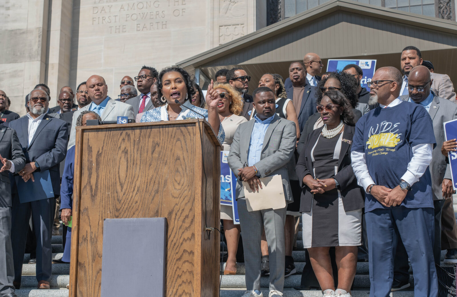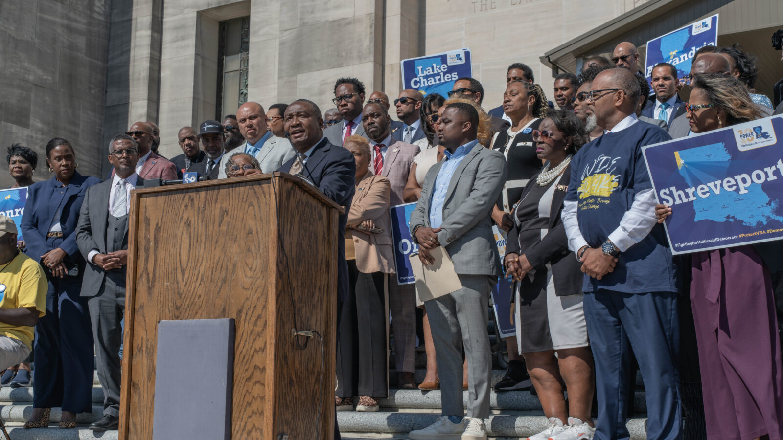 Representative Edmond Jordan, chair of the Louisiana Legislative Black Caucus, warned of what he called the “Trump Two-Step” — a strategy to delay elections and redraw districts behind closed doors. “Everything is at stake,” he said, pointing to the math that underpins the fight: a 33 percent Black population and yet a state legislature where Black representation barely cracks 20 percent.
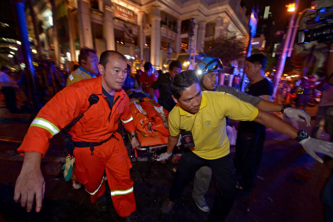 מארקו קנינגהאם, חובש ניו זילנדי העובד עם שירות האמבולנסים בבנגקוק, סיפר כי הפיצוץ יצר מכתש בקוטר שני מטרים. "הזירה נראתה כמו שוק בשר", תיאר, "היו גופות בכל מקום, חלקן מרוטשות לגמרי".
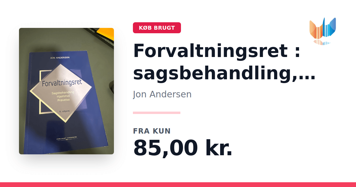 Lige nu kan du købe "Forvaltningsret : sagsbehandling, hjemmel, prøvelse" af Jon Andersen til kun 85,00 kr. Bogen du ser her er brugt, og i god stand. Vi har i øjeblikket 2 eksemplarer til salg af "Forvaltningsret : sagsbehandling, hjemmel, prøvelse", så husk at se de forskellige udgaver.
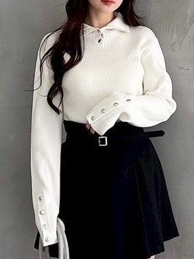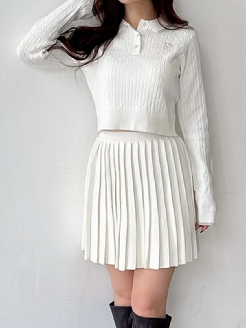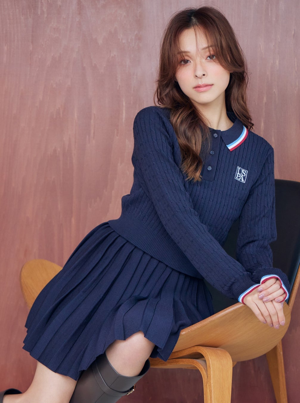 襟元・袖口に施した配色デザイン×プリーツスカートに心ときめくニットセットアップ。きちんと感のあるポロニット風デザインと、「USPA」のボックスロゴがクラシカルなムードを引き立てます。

EXERCISE PROMPT -
Would you copy out all the data exactly, without the images?

EXERCISE ANSWER -
 Representative Edmond Jordan, chair of the Louisiana Legislative Black Caucus, warned of what he called the “Trump Two-Step” — a strategy to delay elections and redraw districts behind closed doors. “Everything is at stake,” he said, pointing to the math that underpins the fight: a 33 percent Black population and yet a state legislature where Black representation barely cracks 20 percent.
 מארקו קנינגהאם, חובש ניו זילנדי העובד עם שירות האמבולנסים בבנגקוק, סיפר כי הפיצוץ יצר מכתש בקוטר שני מטרים. "הזירה נראתה כמו שוק בשר", תיאר, "היו גופות בכל מקום, חלקן מרוטשות לגמרי".
 Lige nu kan du købe "Forvaltningsret : sagsbehandling, hjemmel, prøvelse" af Jon Andersen til kun 85,00 kr. Bogen du ser her er brugt, og i god stand. Vi har i øjeblikket 2 eksemplarer til salg af "Forvaltningsret : sagsbehandling, hjemmel, prøvelse", så husk at se de forskellige udgaver.
 襟元・袖口に施した配色デザイン×プリーツスカートに心ときめくニットセットアップ。きちんと感のあるポロニット風デザインと、「USPA」のボックスロゴがクラシカルなムードを引き立てます。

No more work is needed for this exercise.